My guess (pure speculation) is Roger’s TTL values have been dramatically decreased by now, which will increase the bandwidth requirements for network state management. This is also not great news for Rogers customers and peer networks.


Generally speaking, BGP route propagation does not include a TTL cache invalidation mechanism (i.e. routes are never invalidated and rechecked -- the BGP session's ongoing existence validates already learned routes and conducts the addition or deletion in-band -- if heard, "TTL" in the context of BGP means that routes should not be propagated onward, like TTL for IP packets).


> a friend in Greece roaming with a Canadian Rogers SIM card was unable to use her phone

I've heard this from several individuals. It makes sense: Rogers, being totally dark, couldn't authenticate any roaming sessions.

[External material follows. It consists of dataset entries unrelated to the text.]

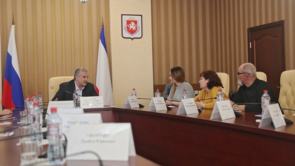 Глава Крыма Сергей Аксенов встретился с родственниками арестованного украинскими пограничниками крымского рыболовецкого судна "Норд". 6 апреля 2018
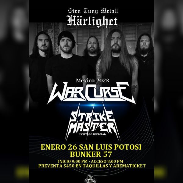 War Curse visita por primera vez Mexico como promocion de su album Eradication uno de los 2 mejores materiales nuevos en todo el mundo justo antes de la pandemia. un thrash metal nuevo, fresco, pero old school, crudo y potente, junto a Strike Master aseguran una gran noche de metal.
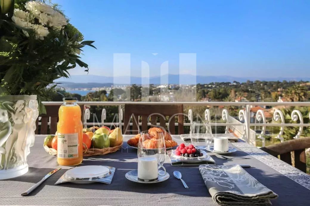 La terrasse au rez-de-chaussée (avec table à manger pour 8 personnes) et le balcon au premier étage offrant une vue imprenable sur la baie de Juan les Pins et l'île Sainte-Marguerite.
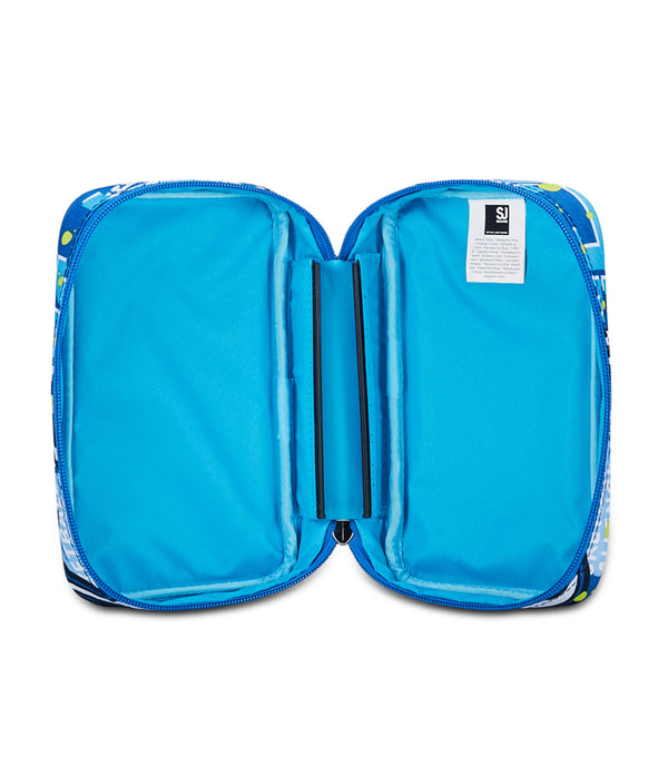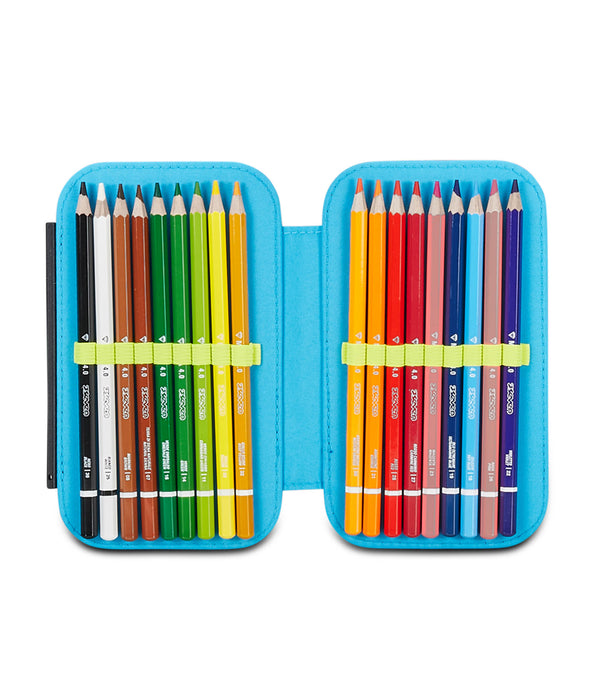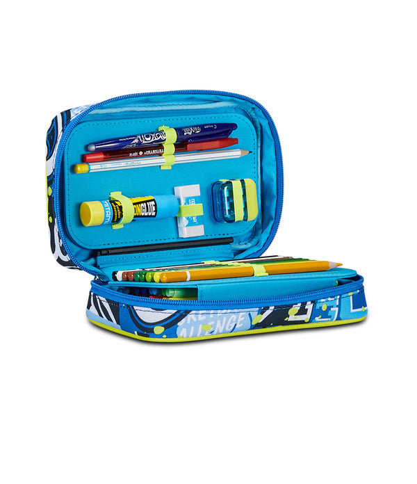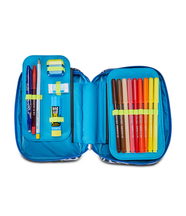 Hi! I’m the brand new Speed SJ Gang pencil case! Equipped with a single zipper and everything you need to best express your creativity, it is easy to set up and take down at your convenience. The boards with elastic band pen and pencil holders are completely removable, so you can wash it or put whatever you like into it. Comfortable, practical, versatile and colorful, you just have to match me with an SJ Gang backpack or a trolley.
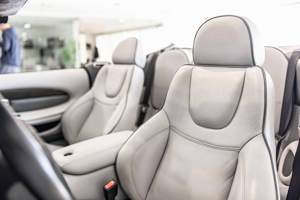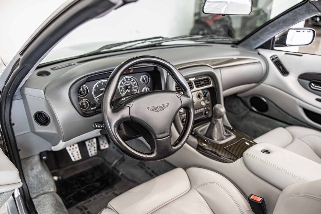 2002 Aston Martin DB7 Vantage Volante RWD 6.0L V12 DOHC A M Titanium Silver Clean CARFAX, Falcon Gray w/Connolly Leather Seat Trim, 19 Aluminum Wheels, Carbon Fiber Veneer Set, Convertible roof lining, Driver door bin, Front reading lights, Genuine wood console insert, Genuine wood dashboard insert, Genuine wood door panel insert, Heated door mirrors, Illuminated entry, Passenger door bin, Power door mirrors, Wheel & Tire Package.

I wonder how fast a roaming provider boots you off their network though. Roaming usually tunnels your traffic to your home provider, so I could see data halting immediately. Maybe local calls work for a while.

This effect sunk in when they said they couldn't receive any SMS 2FA. Even people with a local SIM SIM setup (highly recommended!) still need to slide in their home SIM to log into some things.


I don’t know if they were from Canada but I photographed a family on vacation here in Minnesota and they said their “phones don’t work in this area.” They seemed surprised.

It was an extended family of 14 people and there are plenty of cell phone towers of various sorts that reach where we were.